What the task requires: These records contain pictures, which must be left out; copy exactly the lines from the one with "写真素材: Portrait of" up to and including the one with "Once the supplier".

+++ Source material

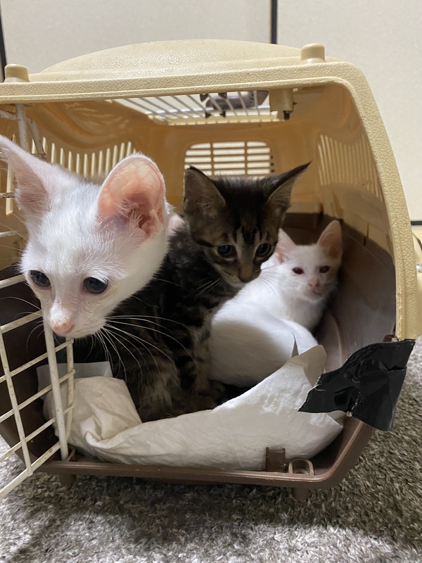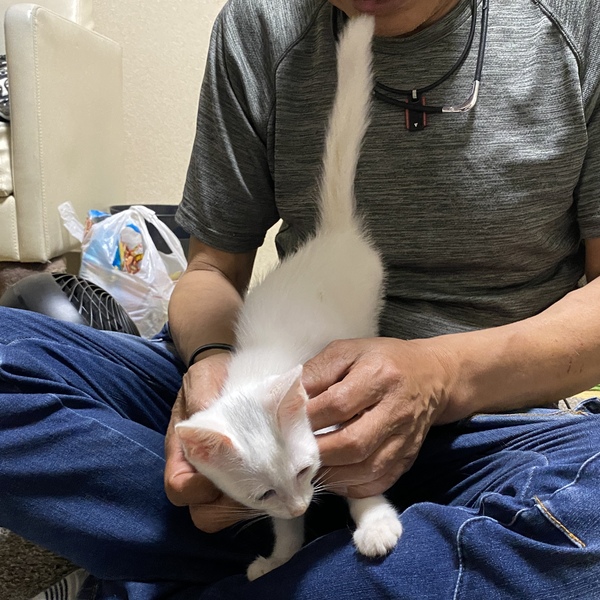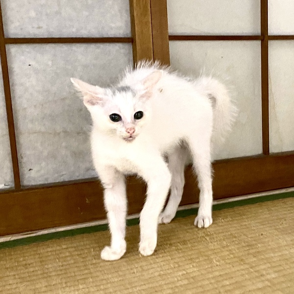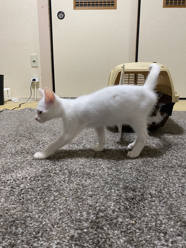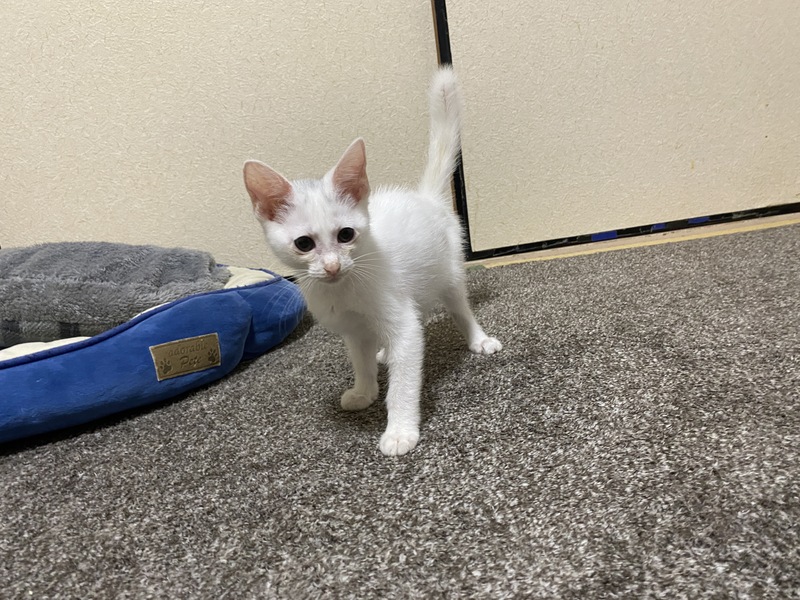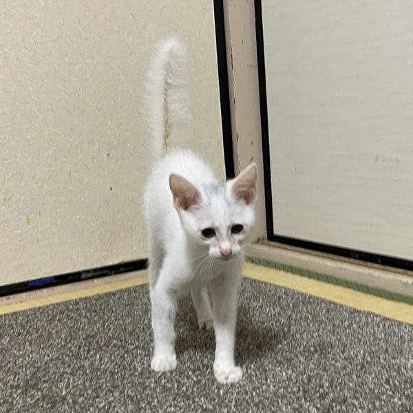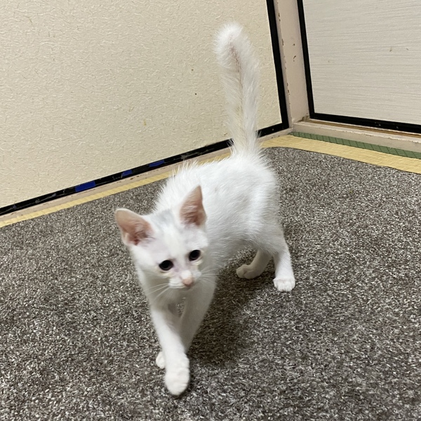 | 特徴(性格など) | 男の子ばかり4人兄弟のひとりです。 性格は、やんちゃ、活発。人馴れしています。 毛の色は全身白で、ひたいにうすいM字のマーク?があります。 ノミ取り済・ワクチン・血液検査未 風邪っぽく、涙目あり、目薬と投薬中、抗生剤注射し様子を見ています。 |
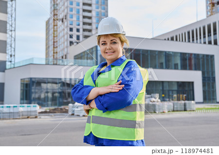 写真素材: Portrait of woman builder engineer supervisor at outdoor construction
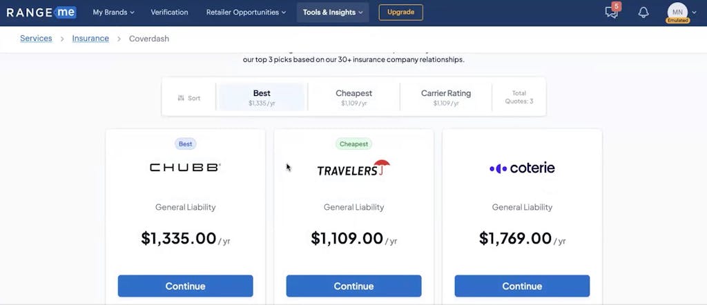 Once the supplier enters the Coverdash experience within RangeMe, they simply answer a few questions related to their business (many of the fields are pre-populated for their convenience) and within minutes Coverdash will return the top three insurance providers that best match their needs. Results can be filtered by “Best,” “Cheapest” or “Carrier Rating.” From there, they simply select the provider of their choice and purchase the insurance.
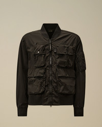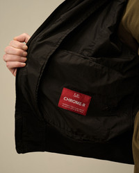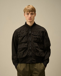 Bomber jacket crafted in Chrome-R, a 100% regenerated, shiny multifilament nylon. Made from production scraps reprocessed into a new fibre. Global Recycled Standard certified (GRS). Garment dyed anti-drop treated. Regular fit. - V-neck - Two-way full zip fastening - Chest embroidered logo detail - Flap snap pockets - Sleeve zip pocket - Elasticated cuffs and hem - Garment dyed - Regular fit CARE & COMPOSITION CARE - Wash max 30°C - Mild process - Do not bleach - Do not tumble dry - Ironing maximum temperature 110°C - without steam - Do not dry clean - Line dry - Wash inside out COMPOSITION - External fabric: 100% Polyamide / Nylon SIZE & FITTING - Fits true to size, take your normal size - Model is 186 cm-6' 1" / 98-103 cm chest and is wearing a size L
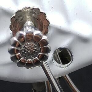These elegant vintage floral screw-back earrings date from the 1940s to 1950s and showcase the beauty of mid-century design. Each earring features a rhodium-plated finish that gives a brilliant, reflective shine and resists tarnish.
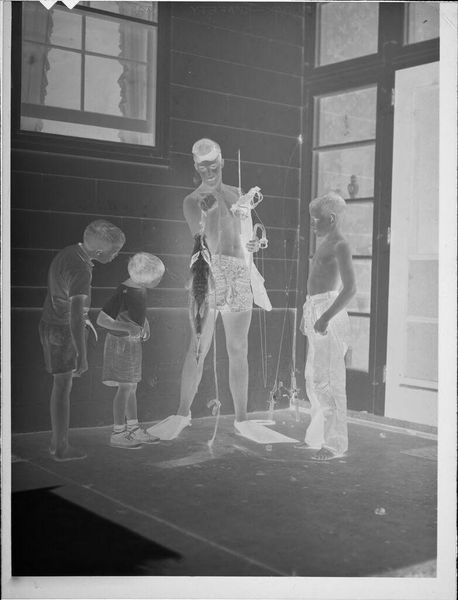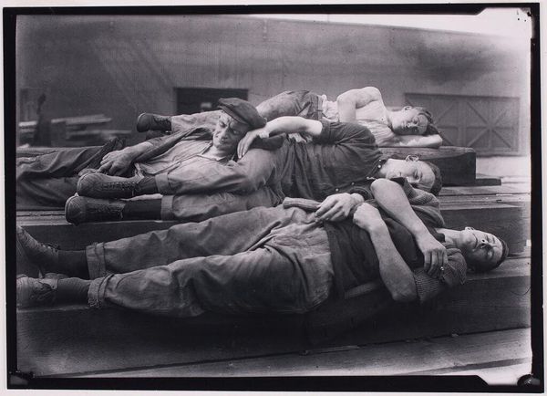 Curator: This untitled photograph by Jack Gould captures two men working in a foundry. It's a small gelatin silver print held at the Harvard Art Museums. Editor: My immediate thought is "weight." The physicality of labor just radiates from this image. You can almost feel the strain. Curator: Absolutely. It's a testament to the everyday toil, the unseen effort that shapes our world. The way Gould uses light emphasizes the texture of their clothes, the grit of the work. Editor: And the box itself, whatever it holds, becomes a symbol of production. It's not just about these two men, but everyone involved in the labor and the materials they are using. It's about a community. Curator: Precisely. It invites us to consider the human element in the grand scheme of things. A real nod to the silent heroes of creation. Editor: I agree. I think Gould challenges us to see the extraordinary in the ordinary, and perhaps understand what it takes to make just about anything.

++++++

Solution to the exercise:
 写真素材: Portrait of woman builder engineer supervisor at outdoor construction
 Once the supplier enters the Coverdash experience within RangeMe, they simply answer a few questions related to their business (many of the fields are pre-populated for their convenience) and within minutes Coverdash will return the top three insurance providers that best match their needs. Results can be filtered by “Best,” “Cheapest” or “Carrier Rating.” From there, they simply select the provider of their choice and purchase the insurance.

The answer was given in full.